Tackling International Corruption: No Longer Taboo
Corruption does no one any favors. After long pretending that graft was a necessary evil -- or just plain necessary -- governments rich and poor are trying to stamp it out.
John Brademas is President Emeritus of New York University, Chairman of the National Endowment for Democracy, and a member of Transparency International's International Advisory Council. Fritz Heimann is Counselor to the General Counsel, General Electric Company. He is a founding member and director of Transparency International.
After years of being tolerated with a mixture of apathy, cynicism, and denial, corruption is becoming a target of serious international action. Where once they looked the other way, the World Bank, International Monetary Fund (IMF), and other international organizations are now seeking to curb bribery and other corrupt practices. These expanding efforts add up to a reform movement whose most significant achievement to date is the Convention on Combating Bribery of Foreign Public Officials of the Organization for Economic Cooperation and Development (OECD).
The convention, signed in 1997 and now undergoing ratification by the legislatures of 34 nations, will end the competitively damaging isolation of the United States, which banned bribing foreign public officials in 1977. Bribery scandals in half a dozen countries led the United States to pass the Foreign Corrupt Practices Act in hopes that other countries would follow suit. But the act was derided as misguided American moralism, and foreign competitors remained free to use bribes to win commercial orders. Many countries, including Germany and France, even allowed their deduction as business expenses. The United States also promoted a U. N. treaty to ban bribery, but that effort fizzled. The developing world saw the proposed treaty merely as an opportunity to bash multinational companies.

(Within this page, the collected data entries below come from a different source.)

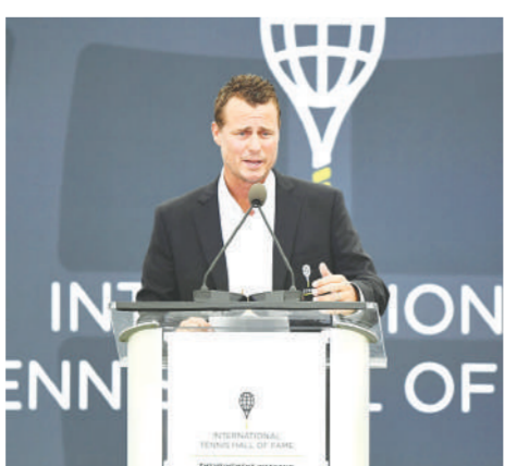
เลย์ตัน ฮิววิตต์ ยอดนักเทนนิสจากออสเตรเลีย กล่าวสุนทรพจน์เนื่องในโอกาสที่เขาได้รับการบรรจุเข้าทำเนียบเกียรติยศเทนนิสนานาชาติ หรืออินเทอร์เน็ตเทนนิส ฮอลล์ ออฟ เฟม ในนิวยอร์ก โรดไอแลนด์ สหรัฐอเมริกา

"ผมรู้สึกว่ามันยอดเยี่ยมที่สามารถเล่นได้เช่นเจนอเวรชั่น" ฮิววิตต์กล่าว "การได้มีโอกาสได้เล่นกับฮีโร่ของผมอย่าง อังเดร อากซิช และพัค แชมพราส และเช่นเดียวกับการมีโอกาสได้เล่นกับตำนานอย่าง ราฟาเอล นาดาล, โรเจอร์ เฟเดอเรอร์ และนวิวก์ ยอโควิช".
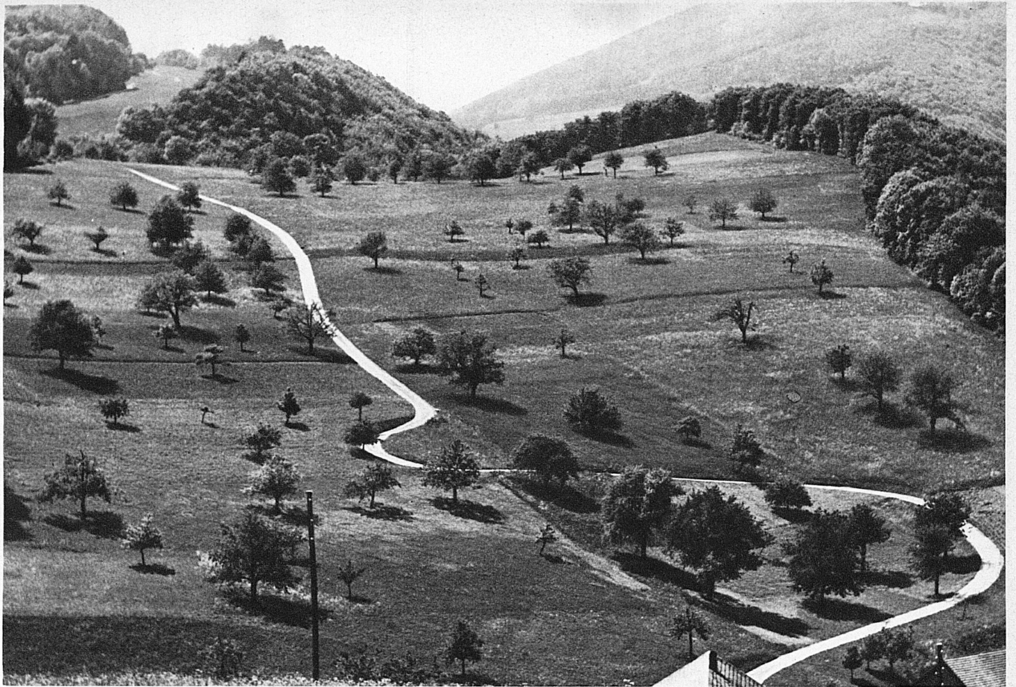
Wundervoll fügt sich das Band in die Landschaft. Strasse am Hauenstein
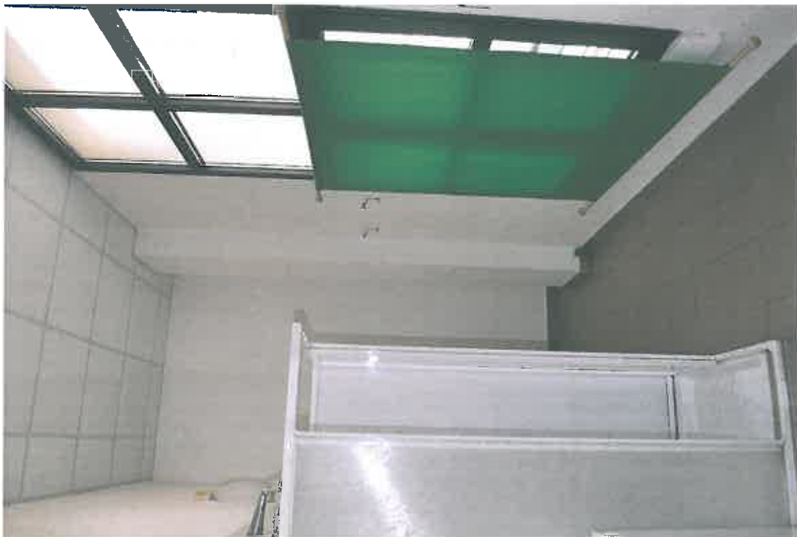
VISTA ZONA SERVIZI SUB 109
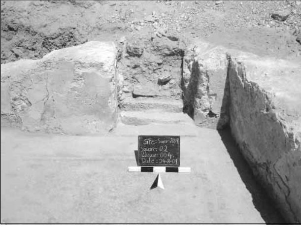
٤. مربع رقم (٢) بعد الانتهاء من العمل.
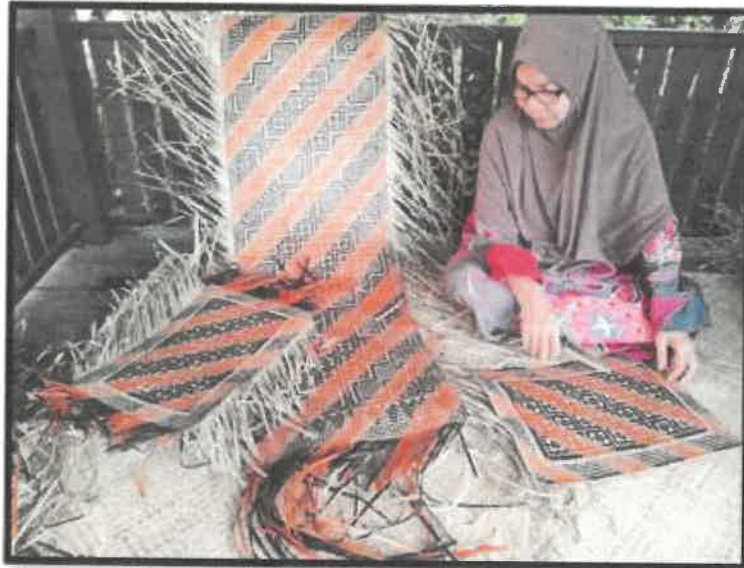
Rajah 4: Tokoh sedang menganyam
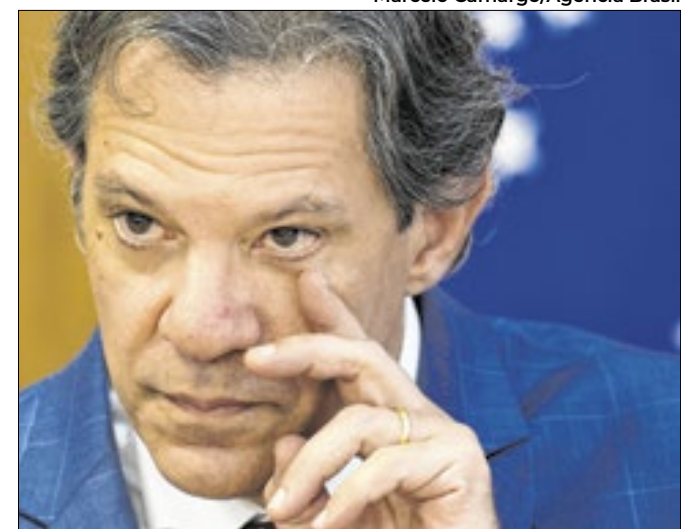
Ministro abre o olho para evitar perdas
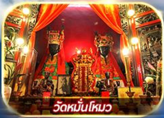
วัดหมื่นโหมว
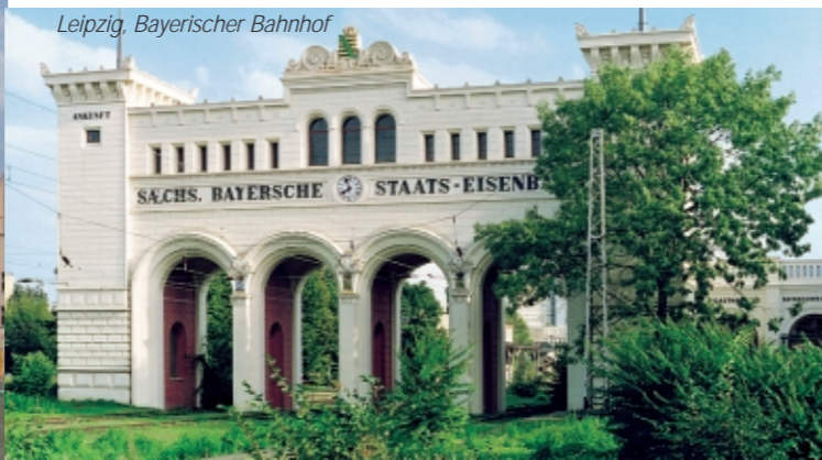
Leipzig, Bayerischer Bahnhof

mit dem eindrucksvollen Cranach-Altar und zu den Häusern von Dr. Martin Luther und Prof. Philipp Melancthon. Die Wittenberger Altstadt: ein einzigartiges Freilichtmuseum, um Weltgeschichte zu erleben. Rückfahrt nach Leipzig. Abendessen im Hotel.
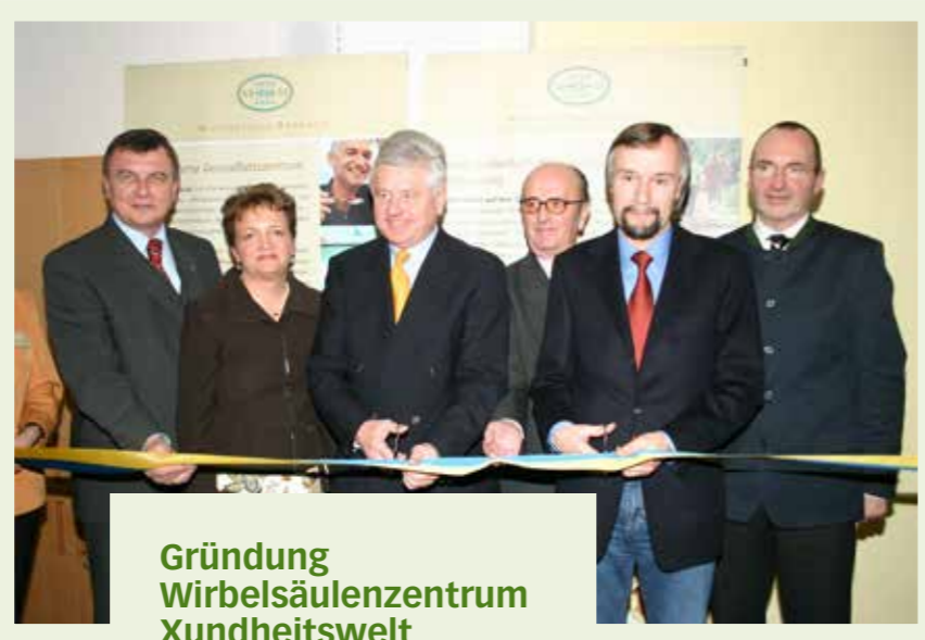
Gründung Wirbelsäulenzentrum Xundheitswelt
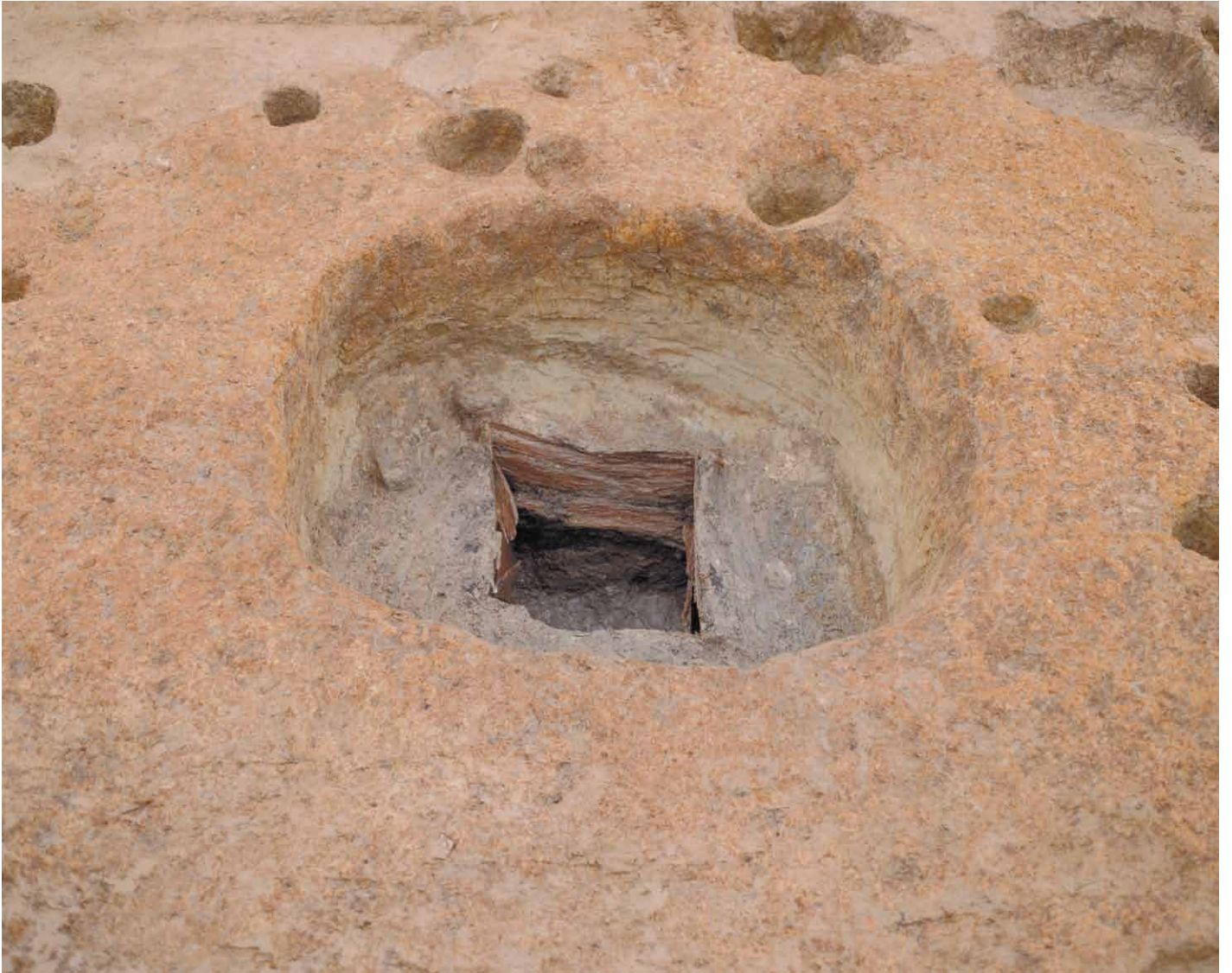
写真 27. 条坊跡第 275 次調査 275SE055 井戸枠検出状況（北から）
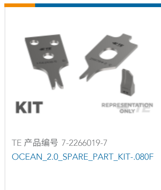
TE 产品编号 7-2266019-7 OCEAN_2.0_SPARE_PART_KIT-080F
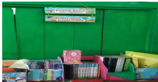
Gambar 6. Dokumentasi kegiatan

Pembuatan pojok asik adalah di setiap sudut kelas. Tujuan pojok asik ini adalah agar siswa-siswi bisa memiliki minat baca yang lebih tinggi. Adapun buku yang akan diletakkan di pojok asik, kami kumpulkan dari hasil donasi. Pojok asik yang kami buat di sudut kelas kami hias menggunakan alat seadanya dengan kreativitas para peserta didik agar menarik untuk dibaca oleh peserta didik.
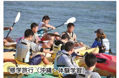
修学旅行 (沖縄・体験学習)
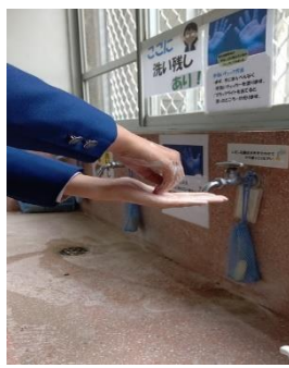
指先は洗えていますか
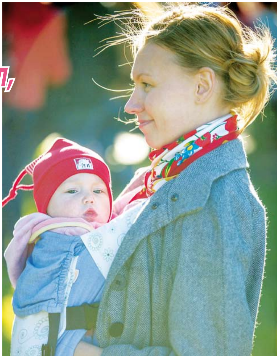
«Счастливая мама».

● Признание за зачатым ребенком статуса человеческого существа, жизнь, здоровье и благополучие которого дол-
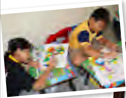
CONCENTRATION... Two of the contestants showing their coloring.

by Sofina Tan (sofina@sarawaknet.gov.my)
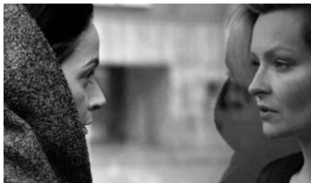
I am Ren

Achtung Berlin Das Festival um Film aus und über Berlin findet nun vom 16. - 20.9 statt und zum zweiten Mal auch bei uns.
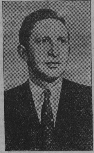
В. СМЫСЛОВ, гроссмейстер.
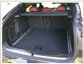
BMW X4 30i.
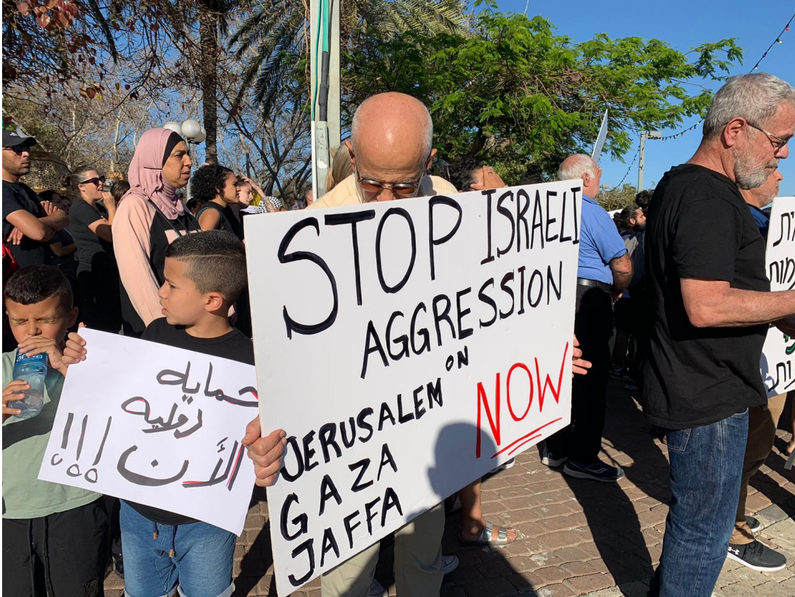
لافئات رُفعت في يافا
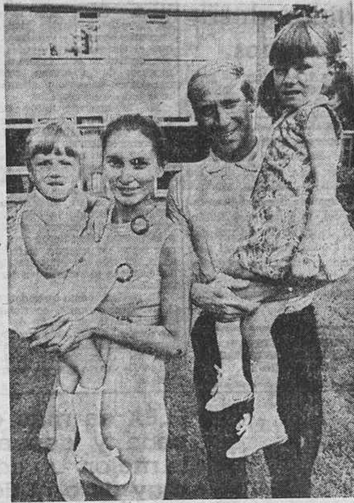
Boby Charlton, el divo del Manchester United y de la selección nacional de Inglaterra, fue apartado al comienzo de la Liga inglesa del equipo titular del Manchester...
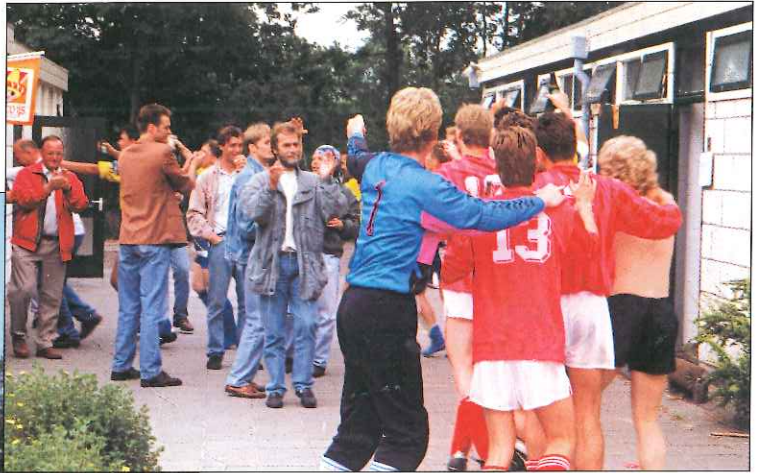
Zo kan het ook! Na de overwinning in juni 1993 op Waterpoortboys in polonaise naar de kleedboxen met de spelers van Waterpoortboys voorop.
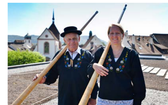
DIE ALPHORNBLÄSER AM 1. AUGUST
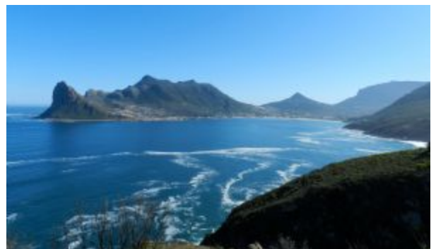
Cape Town. Cape Point NP.
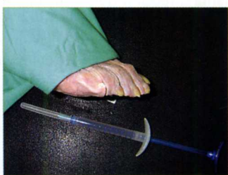
Fig. 2. Preparación del espécimen y tinto del PAAG.

lizarlo (Fig.2). Un punto importante del estudio preliminar consistía en comprobar que en los especímenes no se producía una diseminación y/o infiltración del gel a tejidos adyacentes, con la consiguiente alteración de los mismos.
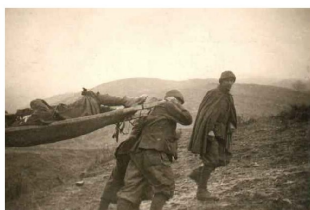
Trasporto dei feriti

Conventional wisdom saw corruption as a chronic characteristic of human behavior that, in any event, was not of debilitating proportions in the developed world. Although admittedly widespread in the Third World, endemic corruption was not seen as impeding rapid growth in countries such as Indonesia, South Korea, Malaysia, and Thailand. Some economists even saw bribery as grease for the wheels of progress in overregulated societies.